# Housing slump getting worse



## wizendwizard (Nov 11, 2007)

oldfrt said:


> I just talked to a guy this morning that is relocating there.He was pleasantly surprised at the affordable living as he has recently retired.The low property taxes will be his biggest savings for his limited income.Not to mention the price of heating a home here.
> 
> 
> I think that the Northerners(yanks to youall) are a good part of the market there.


Great place to live, i admit it. 71 degrees here yesterday. 69 today. Tax wise some places are better than others. (heating cost? huh? whats that?)Do you know what area he is moving to? Pass my contact info on to him, maybe he'll need some work sometime.

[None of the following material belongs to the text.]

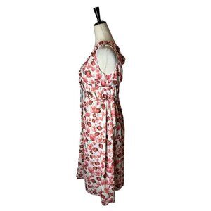 This dress by Samantha Sipos is in excellent condition. It is in ivory and red colors in an allover floral print. Ruffled frills highlight the plunging neckline of this light-as-air dress that's both sassy and sweet. The dress features; fit and flare silhouette, midi length, fully lined, v-neckline and v-back, tie across chest, sleeveless with wide straps, ruffled detail and a back zipper closure. Made from 100% polyester.

We have 3 stages of YANK here!
Dang Yankee= 1 that comes to visit then goes home!
GD Yankee = 1 thats comes here stays a few years then goes away!
F'n Yankee = 1 that comes here and stays forever!
Joking guy's

How do you get a Yankee out of a tree in S.C. ? cut the rope!


----------



## Putty Truck (Oct 6, 2007)

eagleandbaby said:


> Putty,
> 
> Laws of economics won't go away just because you say they don't exist. Every business is subject to them no matter how long they have been in business. When the great depression hit I am sure experienced people who ran there business for years lost it.


The great depression? You can not compare the 2008 to 1929. It is a totally different world and circumstances. 




> You don't have to be a genius to know that if people can’t refinance a house they don't have money to remodel. If they perceive the one thing they feel a sense of financial security in is not stable they will not spend as much on things related to home improvement. This is basic and a fact backed up by history.


People are richer than you and do not need to refi to remodel. Believe me when I say that this last blip was a freak and now it is business as usual...this is how it has always been. 

Most people don't sit around all day watching CNN and posting on the interent. Most people work for a living and could care less what the "economy" is doing. 




> Maybe your business is more dependent on necessity and not wants.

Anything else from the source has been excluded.